What works on macOS clone-to-running:

  • All tests (102/102 pass)
  • Lint, type check
  • ASR pipeline with AUDIO_BACKEND=sounddevice
  • LLM streaming, RAG retrieval, session record/replay
  • Settings UI, prompts editor, sessions viewer

What doesn’t work — and is fine:

  • The stealth overlay (Windows API)
  • System-audio loopback (needs BlackHole bridge)
  • Hotkey listener (Windows-specific implementation)
  • The build target (PyInstaller spec is Windows-only)

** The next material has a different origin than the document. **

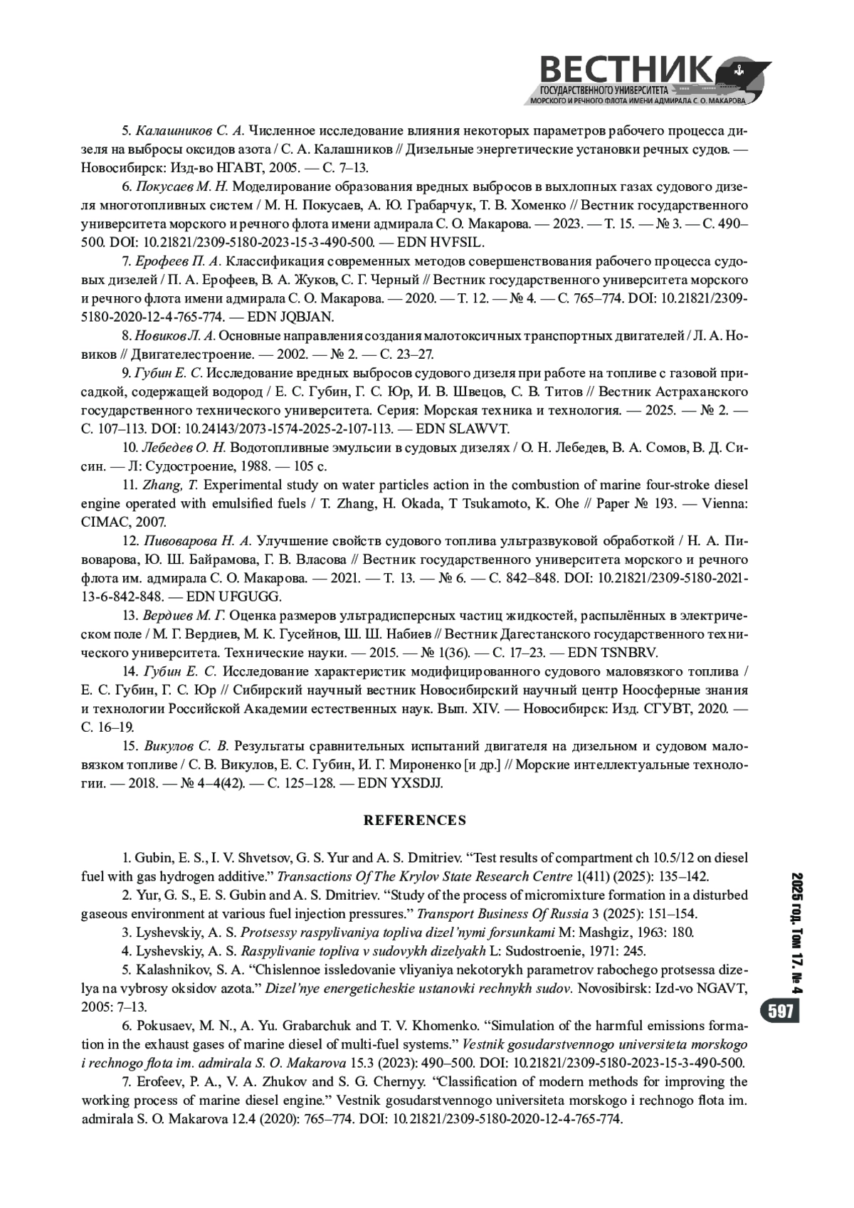 ЮР Г. С., ГУБИН Е. С. РАСЧЕТ И АНАЛИЗ ОТНОСИТЕЛЬНЫХ ХАРАКТЕРИСТИК РАСПЫЛИВАНИЯ ДИЗЕЛЬНОГО ДИСТИЛЛЯТНОГО И МАЛОВЯЗКОГО СУДОВОГО ТОПЛИВА // ВЕСТНИК ГОСУДАРСТВЕННОГО УНИВЕРСИТЕТА МОРСКОГО И РЕЧНОГО ФЛОТА ИМ. АДМИРАЛА С. О. МАКАРОВА. 2025. Т. 17 №4

95% of the bugs live in the 95% of the code that’s cross-platform. That’s the part the macOS dev can iterate on. The 5% that’s Windows-only gets manual verification on a Windows VM at release time, not every commit.

The summary

Discipline What it buys
Backend abstraction with env-var override macOS dev can run the full app, not a stub
One function per “where does data live?” No phantom directories, easy to fix when wrong
.as_posix() for serialized paths Recordings replay cross-OS
Windows-only CI, multi-Python matrix Catch the real bugs (3.9 vs 3.12), skip the fake ones
from __future__ import annotations at the top of every module 3.9 keeps parsing

You can build a Windows-only app from a Mac. You just have to draw the line cleanly between what your app does and how it does it on this specific OS. Cross-platform code is the asset. Platform-specific shims are the cost. Keep the ratio honest and the dev loop stays tight.